Folk artist

Harriet Kittay is a contemporary artist who often takes inspiration from the folk art of 18th- and 19th-century America, especially its quilts, weathervanes, and portraits.

''I have spent a lot of time in New England, and I have always loved folk art ,'' Ms. Kittay explains.''I have wanted somehow to translate the feeling of that period and its charming objects into 20th-century terms. So I have reworked those familiar and simple themes in metals - one quarter-inch-thick stainless steel, aluminum, and bronze. The result is my own modern version of folk art quilts and sculpture, done in my own flat, geometric style.''

Quilts made by women in rural America were conceived, she says, through the utmost simplification of design elements, simplified to the point of abstraction. She has abstracted the patterns still further, through a minimum use of line, in her pieces called ''Star of Bethlehem,'' ''Log Cabin,'' ''Alphabet,'' ''Bird of Fantasy,'' ''Carolina Lily,'' and ''Wildflower.''

Her pieces range in price from $2,000 to $8,500. They have been purchased for homes, hotels, and offices, as well as for corporate collections. Some are free-standing; others hang against a wall.

Ms. Kittay works in a studio on the ground floor of her Manhattan apartment, where she does all her sketching and makes the preliminary models for sculptures. She then goes with the maquette, or model, to one of the three foundries with which she works, and the process of fabrication begins.

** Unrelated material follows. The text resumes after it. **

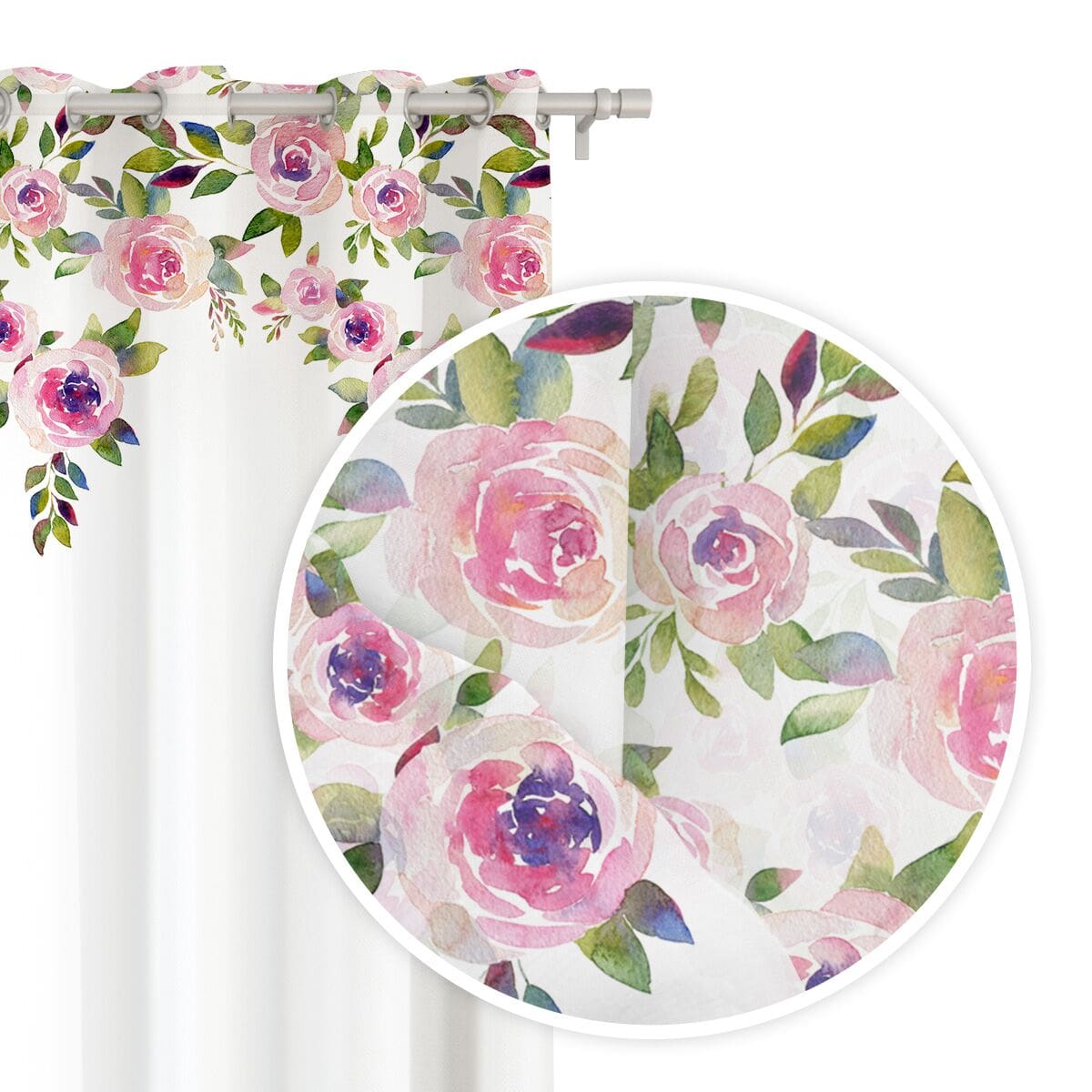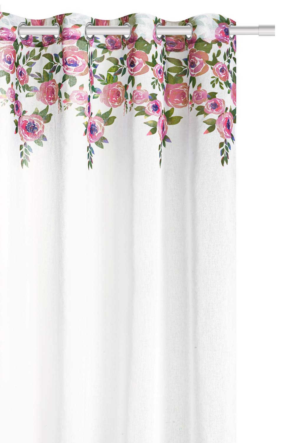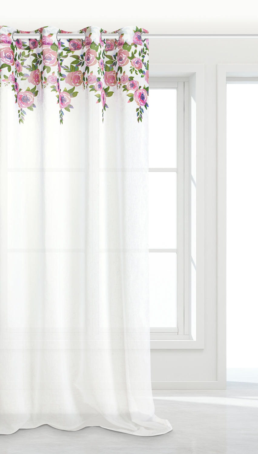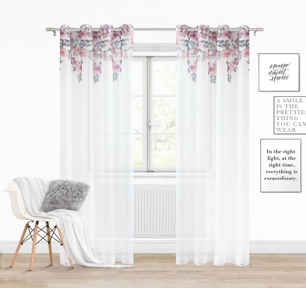 Zasłona biała doskonale wpasuje się do wnętrz w kobiecym stylu, a także młodzieżowym. Jest gładka, a na górze posiada przepiękny florystyczny wzór. Mocowana jest na 8 chromowanych przelotkach o średnicy 4 cm, które są bardzo proste w zawieszeniu na karnisz.

She selects the metals that are to be combined in a piece and does much overseeing as the pieces of the pattern are cut by the craftsmen, then filed and fitted against a supporting wooden core. ''This is the most tedious part of the work. It takes much time and must be done painstakingly,'' she says. It also explains why each Kittay piece requires several months to execute, from inception to finished art form.

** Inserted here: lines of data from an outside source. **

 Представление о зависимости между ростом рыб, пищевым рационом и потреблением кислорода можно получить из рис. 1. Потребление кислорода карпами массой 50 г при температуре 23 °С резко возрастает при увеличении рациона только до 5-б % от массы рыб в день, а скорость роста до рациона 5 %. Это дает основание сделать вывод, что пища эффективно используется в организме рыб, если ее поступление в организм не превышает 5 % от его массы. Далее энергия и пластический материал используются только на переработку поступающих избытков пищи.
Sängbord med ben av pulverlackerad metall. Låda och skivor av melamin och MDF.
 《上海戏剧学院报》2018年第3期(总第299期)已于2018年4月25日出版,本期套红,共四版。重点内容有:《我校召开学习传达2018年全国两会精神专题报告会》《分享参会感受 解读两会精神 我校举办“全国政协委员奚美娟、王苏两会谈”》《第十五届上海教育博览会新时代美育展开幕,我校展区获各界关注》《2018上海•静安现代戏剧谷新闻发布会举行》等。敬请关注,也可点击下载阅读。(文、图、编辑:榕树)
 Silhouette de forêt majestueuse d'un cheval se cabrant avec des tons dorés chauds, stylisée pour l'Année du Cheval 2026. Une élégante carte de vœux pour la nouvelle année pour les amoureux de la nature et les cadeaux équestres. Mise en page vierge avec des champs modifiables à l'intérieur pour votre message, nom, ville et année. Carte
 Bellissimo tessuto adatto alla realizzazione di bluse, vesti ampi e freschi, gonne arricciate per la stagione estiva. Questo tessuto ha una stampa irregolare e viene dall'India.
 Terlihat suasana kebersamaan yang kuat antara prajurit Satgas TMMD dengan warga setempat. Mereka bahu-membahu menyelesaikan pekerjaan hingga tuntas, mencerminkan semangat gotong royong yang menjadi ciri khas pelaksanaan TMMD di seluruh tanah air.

Why did she choose metal as a medium? ''I first worked in clay and then bronze with the lost-wax process,'' she explains. ''Then I began to experiment - and discovered that I liked the look and the feel of smooth, flat surfaces of sheet metal. This stepped me into an approach that was fresh and new and quite different from what anyone else was doing.''

The work of this artist is represented in New York by the Sutton Gallery, 29 West 57th Street. Her work has been shown in galleries and museums here and abroad since the early 1970s. It will be exhibited at the Eva Cohon Gallery in Highland Park, Ill., a Chicago suburb, July 9-30; at the Ruth Vered Gallery, Easthampton, N.Y., July 6-30; and at the Charlton Gallery in San Antonio, Sept. 23-Oct. 15.